March 23 2024 Work Party

Light rain. Root balls, knotweed, holly, mulch. Little lime green frog. Bushtits nest in an adolescent fir tree, chickadees make copious announcements. We dig and haul and break for strawberry knotweed pie. Fireworks of green everywhere around us.

March 16 2024 Work Party

A copse of trees hides a stand of holly. The youngest among us recruits help, instructs on tools, leads the way. It is warm, too warm for this time of year, we peel off layers, elderberry and red flowering currant bloom weeks earlier than usual. What do the nesting birds make of the unseasonable warmth? An elder wrenches tangled holly roots from between those of a grown cottonwood, we unearth gnarled blackberry root balls nearby, pull up the carpet of ivy. An old Coke can, shards from a broken pane of glass, tennis balls shorn of fuzz. Everywhere we have touched this landscape. A silent bald eagle and a crying red-tailed hawk circle above.

March 9 2024 Work Party

Cool, tentative rain. A line of sentinel blackberry canes, dug. Root balls, gnarled and long. Goat neighbors munch tender shoots of reed canary grass. Entwined Western red cedars and ferns in their new homes. Beautiful child dancing through the planting, hiding from the wind, noticing everything.

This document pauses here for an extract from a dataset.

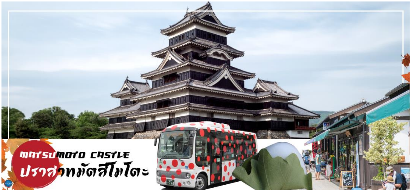
MATSUMOTO CASTLE ปราสาทมัตสึโมโตะ

นำท่านชม ปราสาทมัตสึโมโตะ (Matsumoto Castle) (ด้านนอก) เป็น 1 ใน 12 ปราสาทดั้งเดิมที่ยังคงสภาพสมบูรณ์และสวยงามที่สุดของประเทศญี่ปุ่น และเป็น 1 ใน 5 ปราสาทที่ได้รับการขึ้นทะเบียนเป็นสมบัติประจำชาติ เป็นปราสาทที่สร้างอยู่บนพื้นที่ราบ มีเอกลักษณ์ตรงที่มีหอคอยและป้อมปืนเชื่อมต่อกับโครงสร้างอาคารหลัก และเนื่องจากผนังปราสาทมีสีดำและปีกด้านต่างๆ ของปราสาทแผ่กางออกเหมือนปีกนก เลยมีชื่อเรียกว่า คาราซุโจ ที่แปลว่า ปราสาทอีกา สำหรับข้างในตัวปราสาทมีชั้นบันไดสูงชันและเพดานที่ไม่สูงมาก บริเวณทางเดินจัดแสดงวัสดุเครื่องใช้ทางประวัติศาสตร์ เช่น ชุดเกราะซามูไรสมัยเซ็นโงกุ, ปืนคาบศิลาและอาวุธที่เคยใช้สู้รบในสมัยก่อนหน้าต่างเป็นหน้าต่างไม้แคบๆ มีช่องสำหรับยิงปืนและยิงลูกธนู ท่านสามารถเพลิดเพลินกับทัศนียภาพของเทือกเขาแอลป์ญี่ปุ่นและเมืองมัตสึโมโตะได้จากชั้นบนสุดของปราสาทแห่งนี้

February 17 2024 Work Party

“Hope is not a lottery ticket you can sit on the sofa and clutch, feeling lucky. It is an axe you break down doors with in an emergency. Hope should shove you out the door, because it will take everything you have to steer the future away from endless war, from the annihilation of the earth’s treasures and the grinding down of the poor and marginal… To hope is to give yourself the future – and that commitment to the future is what makes the present inhabitable.” ―Rebecca Solnit, Hope in the Dark

You help make my present not only inhabitable, but also joyful. Thank you.

January 27 2024 Work Party

We whisper our worry about displacing neighbors who have found shelter behind blackberry brambles not many blocks from where anger shouted away the possibility of permanent homes for them. Rain. We do everything we can. We clip, dig, call, write, lay down cardboard, haul mulch, bare hearts, show up, plant trees, hold on to hope. It is what we can do and it is not enough this time. Everything comes tumbling down, grey clouds settle in. Rest. The world will be reordered and then we will start again.

January 13 2024 Work Party

Wool socks, silk long underwear, fleece pullover, down coat under lined ski parka. Snow pants and insulated skirt. Mittens, scarf, hat. All of this enough to hold body heat generated by movement. Root slayer as spear, frozen ground splits to reveal dark, soft soil. Conifers frozen in pots planted in the mulch pile, heat generated by thermophillic bacteria releases roots and soil, enough to get a few trees from pots to earth. Determination. Mini-cardboard drive. Initiative. When I am short on hope, I watch how you move through the world and it returns to me in abundance.